Edit #2: That TPU article is from the press review copy of CP2077, dated September 2023. No way to know for certain, but I wonder if newer drivers and/or updated game patches may have reduced VRAM consumption?
 
Last edited:
What's the best way to tell how much VRAM is in use?

Just remembered I do have a 4K monitor but I doubt a 12GB 4070 will be sufficient to test at 4K.
 
Think if you use a GPU tool like GPUTweak III or Afterburner it will record the amount used over time. Both tools work with any card.
 
Yeah, anything that uses the RivaTuner Statistics Server can tell you, like MSI Afterburner.
 
I'm testing and I've discovered a bug in Hellblade 2. Every time I pause and unpause the game VRAM use goes up by ~50MB. I did this until the entire 12GB filled up and the game because a slideshow.
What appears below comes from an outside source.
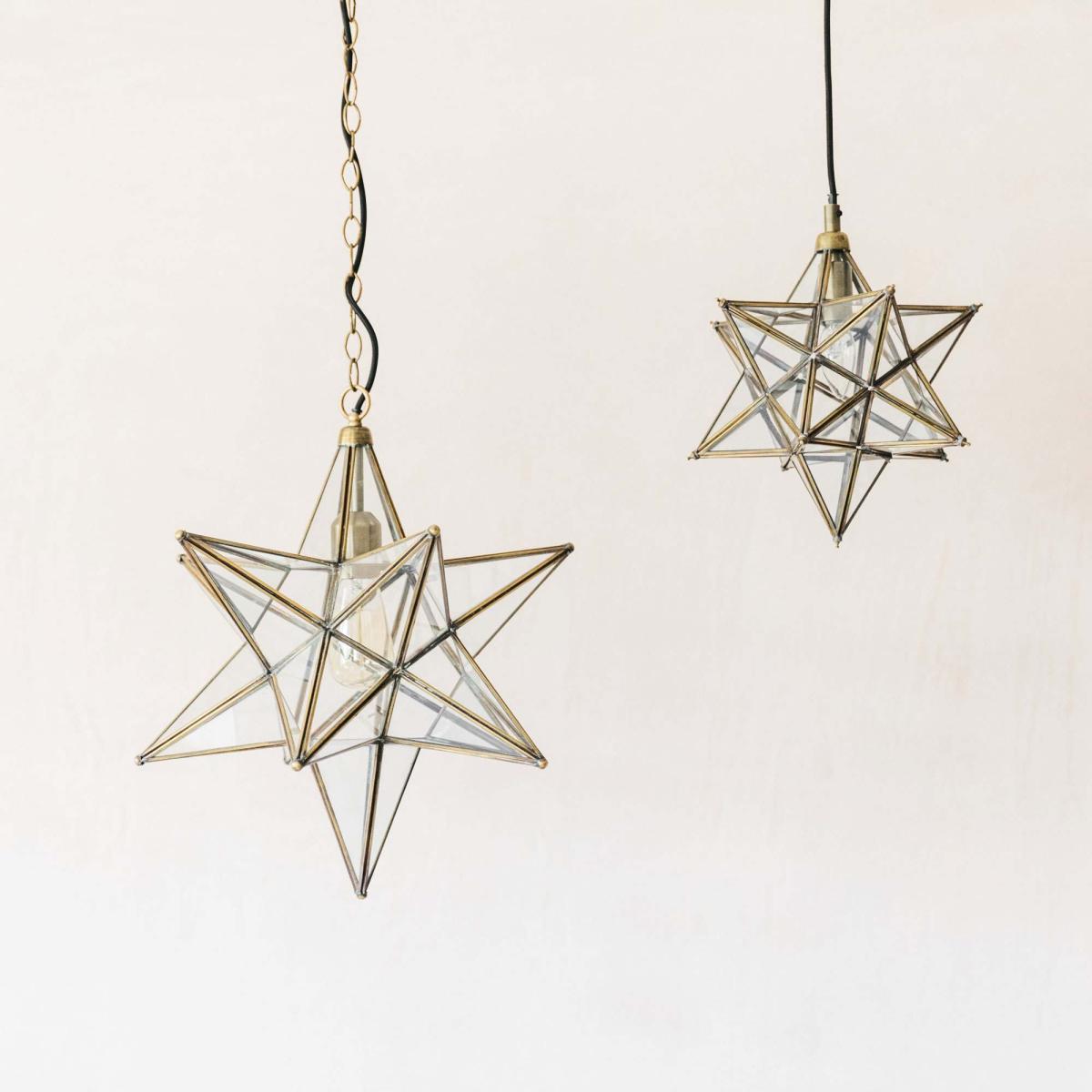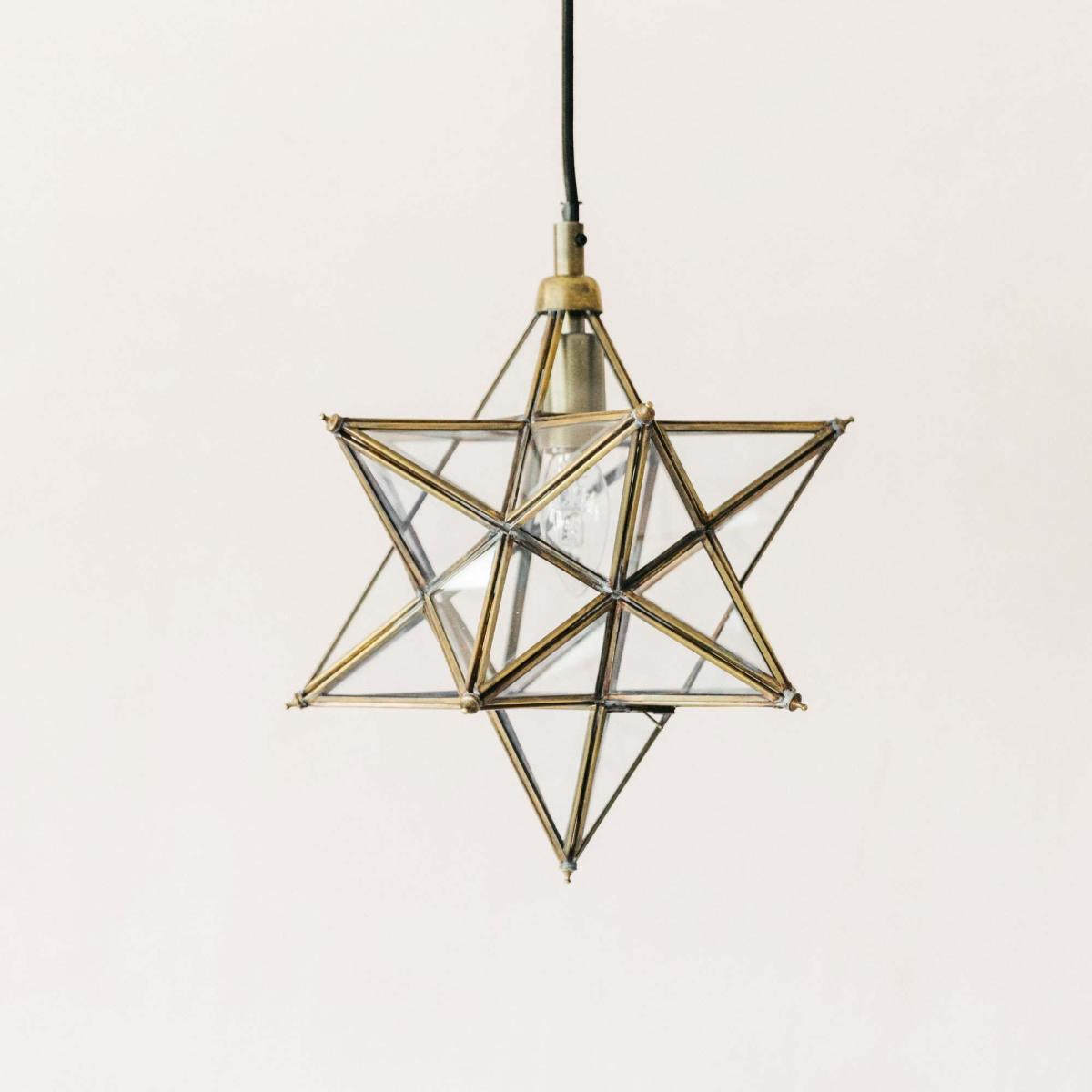 Add our celestial-inspired pendants to any room for a dramatic focal point. With a multi-faceted glass and iron frame in antiqued brass, and an adjustable cord.
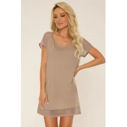 Noční šaty s krátkými rukávy a srdíčkovým výstřihem, rukávy a spodní část šatů zakončené tylem.

Lol.

I'm editing this in realtime. The bug only occurs with framegen on. Disabling framegen makes it go back down, but if you turn framegen back on VRAM goes back up to the bugged level until you restart the game. If this happens in other games it explains why I had VRAM problems in Hogwart's Legacy and Witcher 3 with framegen turned on. I'm go test those games.
 
Last edited:
Despite the bug, Hellblade 2 is the only game I can get reproducible numbers from. Witcher 3 and Hogwarts are all over the place no matter what I do. But they don't seem to suffer from the pause/unpause bug.
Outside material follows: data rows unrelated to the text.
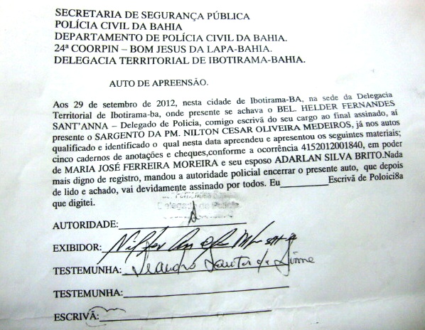 Veja a seguir fac símile dos documentos da apreensão e do termo de ocorrência lavrado na Delegacia:
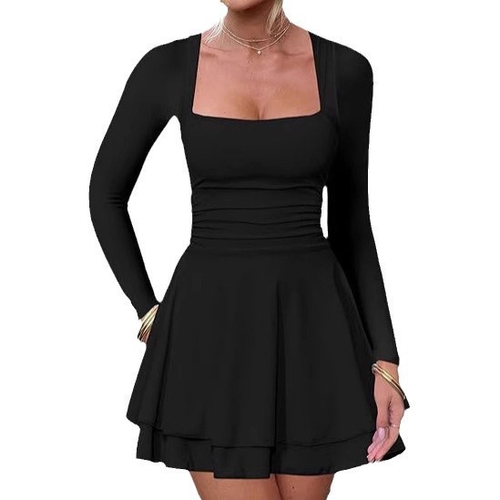 Style: Umbrella skirt, square collar, long sleeves, high waist
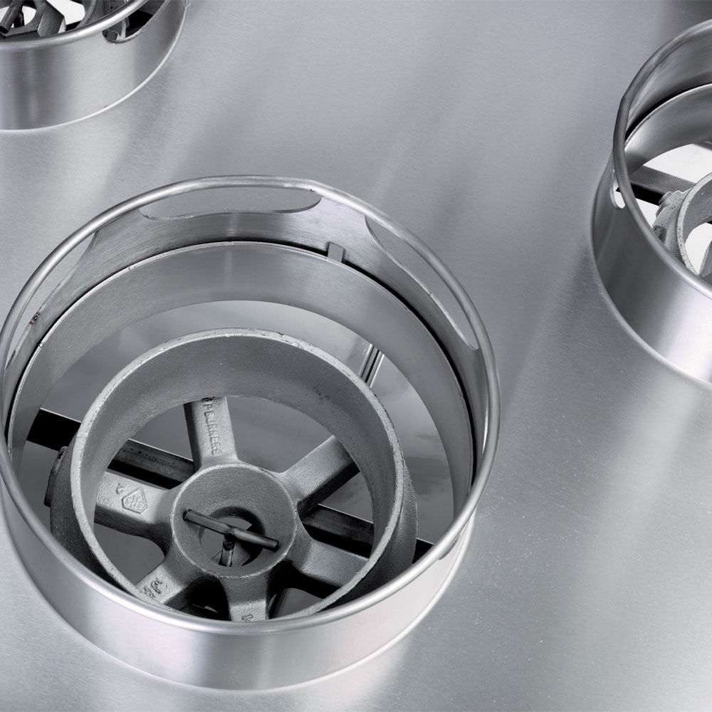 - Branders type wok 2x Ø 290 mm 21,44 kW and 1x Ø 230 mm 10,13 kW.

In Hellblade 2 at 1080p DLAA everything max, framegen uses 250-300MB. Only way to get good numbers for framegen on is to turn it on and then restart the game. Otherwise like I said it just balloons by 50MB every time you pause and unpause.

Some numbers I got were:

6975MB FG on
6739MB FG off

7100MB FG on
6800MB FG off

6660MB FG on
6358MB FG off

All the tests showed a difference of ~250-300MB. So at 8K that would be between 4 and 4.8GB. Maybe it varies based on the game. I will say this kind of testing is not very repeatable in terms of the absolute amount of memory being used. It would change every time I restarted the game, but the difference between FG on vs FG off was fairly consistent.
 
The bump in memory consumption from just FrameGen is a curious finding to be sure. We already know FG reprojects based on a lot more data than just the framebuffer and also keeps a few prior frames of this data in buffer. It looks like this is more data than we might have anticipated, but a lot of that data is also scene dependant. I wish TPU would have used FrameGen on other resolutions "just to see"...

They don't really keep several frames, it's all just one averaged frame from previous with an accumulation factor, which is like "this is 8 frame accumulated, this is 2, this is 9" and that's a pretty low storage cost, and then this frames input.
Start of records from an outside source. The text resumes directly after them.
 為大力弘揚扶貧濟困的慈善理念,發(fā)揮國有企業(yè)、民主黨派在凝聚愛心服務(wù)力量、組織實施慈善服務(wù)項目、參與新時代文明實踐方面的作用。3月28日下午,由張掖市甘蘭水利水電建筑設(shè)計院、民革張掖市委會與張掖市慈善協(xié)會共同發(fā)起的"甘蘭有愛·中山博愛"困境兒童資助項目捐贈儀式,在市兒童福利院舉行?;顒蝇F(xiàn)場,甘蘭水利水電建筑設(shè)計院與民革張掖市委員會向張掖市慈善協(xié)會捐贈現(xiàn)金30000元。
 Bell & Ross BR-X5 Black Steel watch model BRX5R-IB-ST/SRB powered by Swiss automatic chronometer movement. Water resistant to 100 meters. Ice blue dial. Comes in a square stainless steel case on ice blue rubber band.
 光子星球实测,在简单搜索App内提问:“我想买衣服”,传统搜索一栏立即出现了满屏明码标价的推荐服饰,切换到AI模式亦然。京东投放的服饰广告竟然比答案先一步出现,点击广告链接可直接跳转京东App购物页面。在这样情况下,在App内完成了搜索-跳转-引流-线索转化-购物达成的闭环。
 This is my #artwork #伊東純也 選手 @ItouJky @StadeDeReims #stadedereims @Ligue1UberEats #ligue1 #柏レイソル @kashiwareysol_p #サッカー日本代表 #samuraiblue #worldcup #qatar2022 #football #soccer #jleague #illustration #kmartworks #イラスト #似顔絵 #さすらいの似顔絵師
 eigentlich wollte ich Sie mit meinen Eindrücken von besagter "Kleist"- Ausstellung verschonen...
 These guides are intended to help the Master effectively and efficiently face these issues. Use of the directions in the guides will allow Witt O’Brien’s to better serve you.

Regardless, I could see an argument for 20gb, or even 24 maybe? Does Frontiers of Pandora use more than 16gb? If the BVH for unobtanium is more detailed it could easily take up a few more gigs. Native 8k could also get pretty expensive without upscaling, but even on the highest end 4k still seems like the vast majority of users. On one hand that amount of RAM probably isn't very useful, on the other this would target the highest end consumers so what do they care about paying a bit more?
 
All the tests showed a difference of ~250-300MB. So at 8K that would be between 4 and 4.8GB. Maybe it varies based on the game. I will say this kind of testing is not very repeatable in terms of the absolute amount of memory being used. It would change every time I restarted the game, but the difference between FG on vs FG off was fairly consistent.
Eh, I'd challenge this on the face of it. There's no way to actually know if there's a perfectly linear growth in VRAM consumption based only on output resolution. You would need to test with multiple resolutions to understand any potential correlation...
 
Eh, I'd challenge this on the face of it. There's no way to actually know if there's a perfectly linear growth in VRAM consumption based only on output resolution. You would need to test with multiple resolutions to understand any potential correlation...
More results. Max settings with DLAA. My methodology is to make sure framegen is enabled and set the desired resolution, then restart the game. Press Continue and let it load my scene, then wait ~30secs for VRAM to stabilize (it goes down for the first 30secs then levels off). Record the VRAM, then go to options, disable framegen, wait a few seconds (it doesn't really matter, once the VRAM settles initially it stays settled) and record the VRAM. For new test runs I have to turn framegen back on and restart the game to avoid the bug.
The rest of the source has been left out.